Whew. Quite a title. Here’s what I said in the introduction:
This book is an attempt to do two things: Provide graphs to supplement some of the tables in Give Us a Dollar and We’ll Give You Back Four (2012-13) and illustrate some of the choices and issues involved in making visual sense of datasets, specifically the datasets used for that book. It’s an 8.5×11″ PDF (or, if at least two people tell me they’ll buy it, a very expensive print book) because I wanted to make the graphs as wide as possible—and because, in most cases, I felt that multicolor graphs would be readable where graphs using that many different line types simply wouldn’t. (If there’s a print version, the added cost will be entirely production: I’ll make the same amount per copy, give or take a dime or so. But production costs for books with color are much higher than for black-and-white books.)

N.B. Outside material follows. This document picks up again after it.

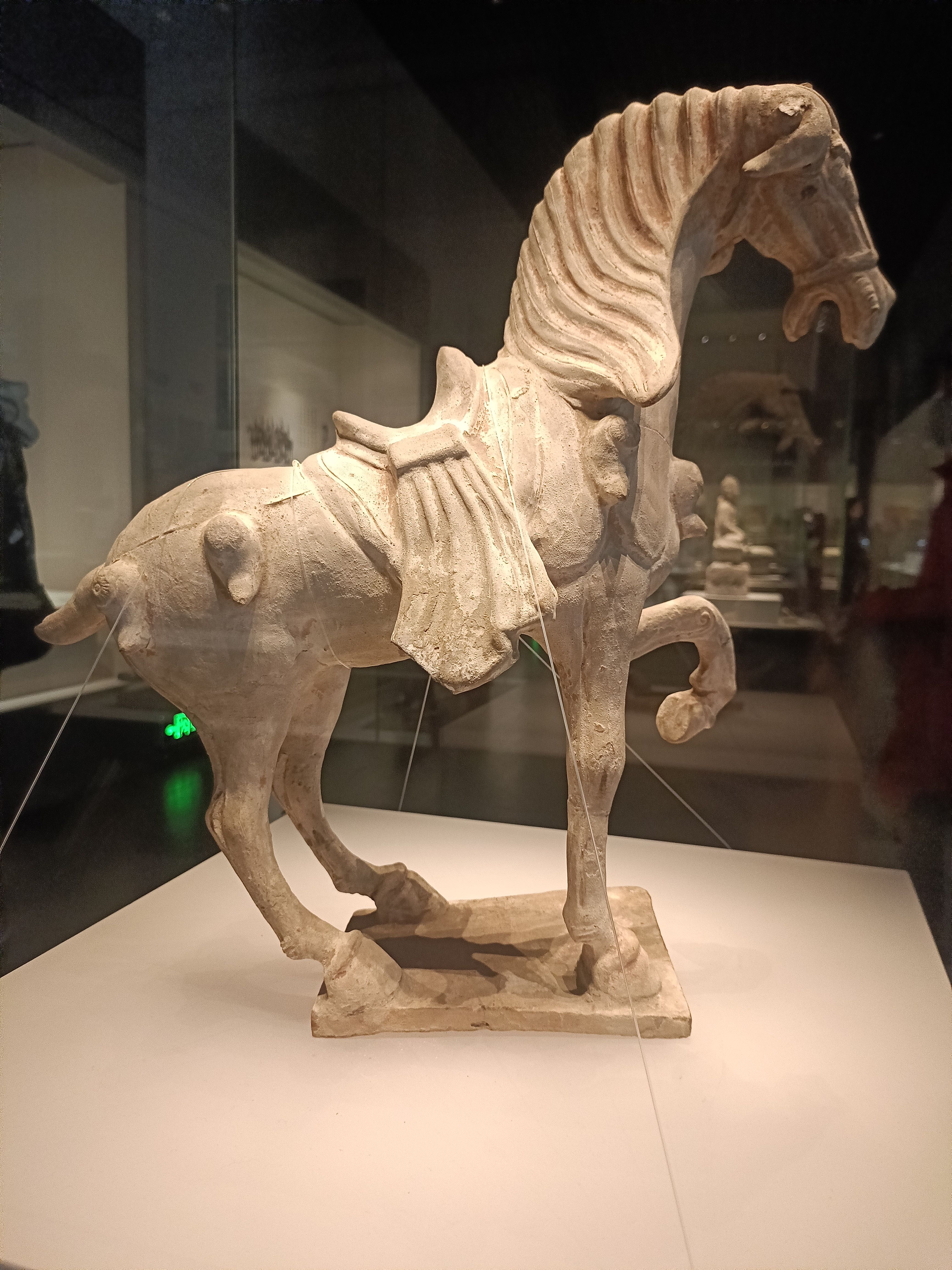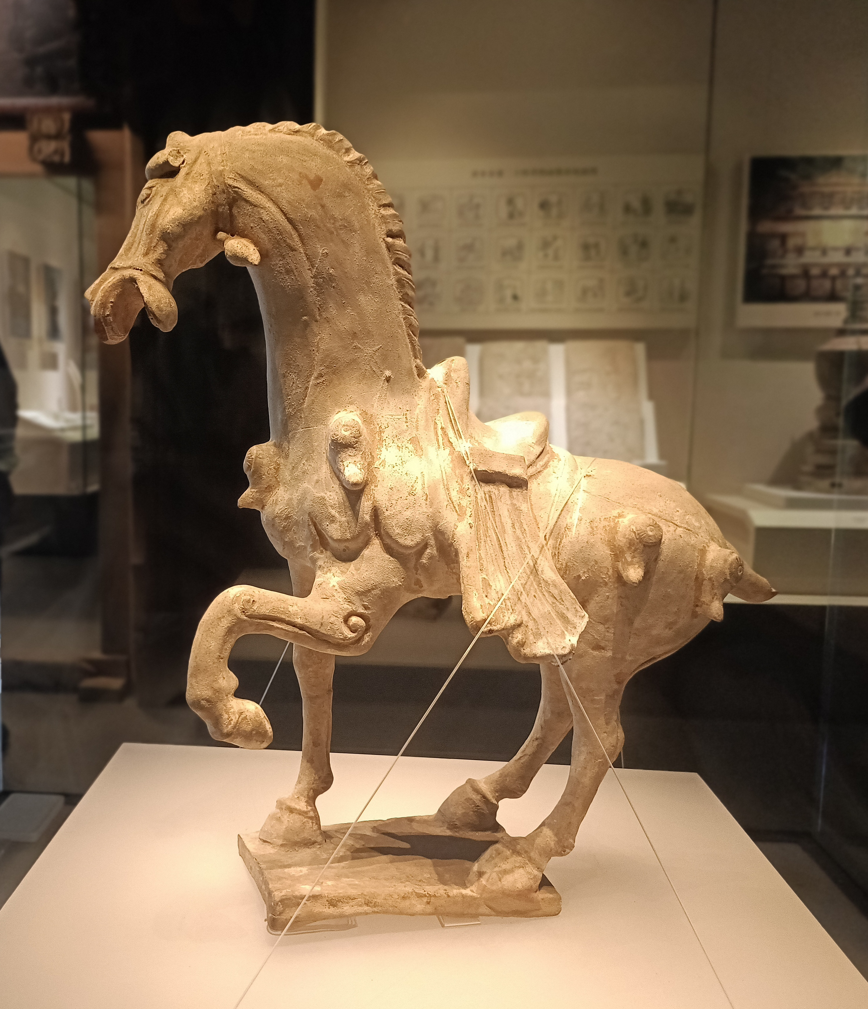 现藏于天水市博物馆的彩绘陶舞马为唐代珍品,属国家一级文物。
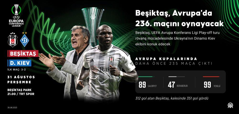 Siyah-beyazlı ekip bu sezon Avrupa’da oynadığı 5 maçı da kazandı. UEFA Avrupa Konferans Ligi’nin 2. ön eleme turunda Arnavutluk ekibi Tirana’yı 3-1 ve 2-0’lık skorlarla eleyen Beşiktaş, bir sonraki aşamada Azerbaycan temsilcisi Neftçi’yi 3-1 ve 2-1’lik skorlarla saf dışı bıraktı. Siyah-beyazlı ekip, Dinamo Kiev’i de ilk maçta uzatma dakikalarında bulduğu golle 3-2 yendi. Dinamo Kiev’i ağırlayacak siyah-beyazlı ekip, Avrupa kupalarında oynadığı 235 maçta 89 galibiyet, 47 beraberlik ve 99 mağlubiyet yaşadı. Avrupa arenasında 312 kez fileleri havalandıran Beşiktaş, kalesinde ise 351 gol gördü.

If you don’t have the other book, you should get it. It’s almost entirely tables and provides a richly detailed picture of nearly all of America’s public libraries and how they measure up on the quantifiable metrics reported to the Institute of Museum and Library Sciences for fiscal year 2010. You may also want to get Cites & Insights for November 2012 and Fall 2012; those issues provide textual commentary (and in the latter case, an additional set of tables) lacking in the book.
In the first chapter, I considered ways you could graph the information in the book—including several alternatives in a couple of cases.
The rest of the book was almost entirely graphs; in all, 222 pages (8.5″ x 11″ PDF), most pages with two graphs, some with three. If I’m counting correctly, 597 graphs in all. (If I’d done Chapter 20 in the book, state-by-state, there would have been hundreds more and the book would have been at least 100 pages longer.)
I almost left this one out as “the book nobody saw,” but that’s not quite right: In fact, after I reduced the PDF ebook price to $4, there were two sales. And since the book is explicitly labeled CC BY-NC, it’s possible that lots of other people have copies. Not likely, but possible.
(How expensive would the book have been in print form? The production cost would have been something like $48.90, so I would have charged around $59.)
The multicolor graphs had ten different colored lines; there’s no way to provide enough different line patterns to make ten lines readable in black and white.
Still…it’s an interesting project with a lot of neat graphs, and if anybody contributing to Cites & Insights at the sponsor level would rather have this than something else, I might be willing. It’s a fairly big PDF (8.5MB), but then it’s a big, slow-loading Word document (basically the same size).
Crawford, Walt. Graphing Public Library Benefits: An Experimental Supplement to Give Us a Dollar and We’ll Give You Back Four (2012-13): Public Library Funding and Benefits. 2013.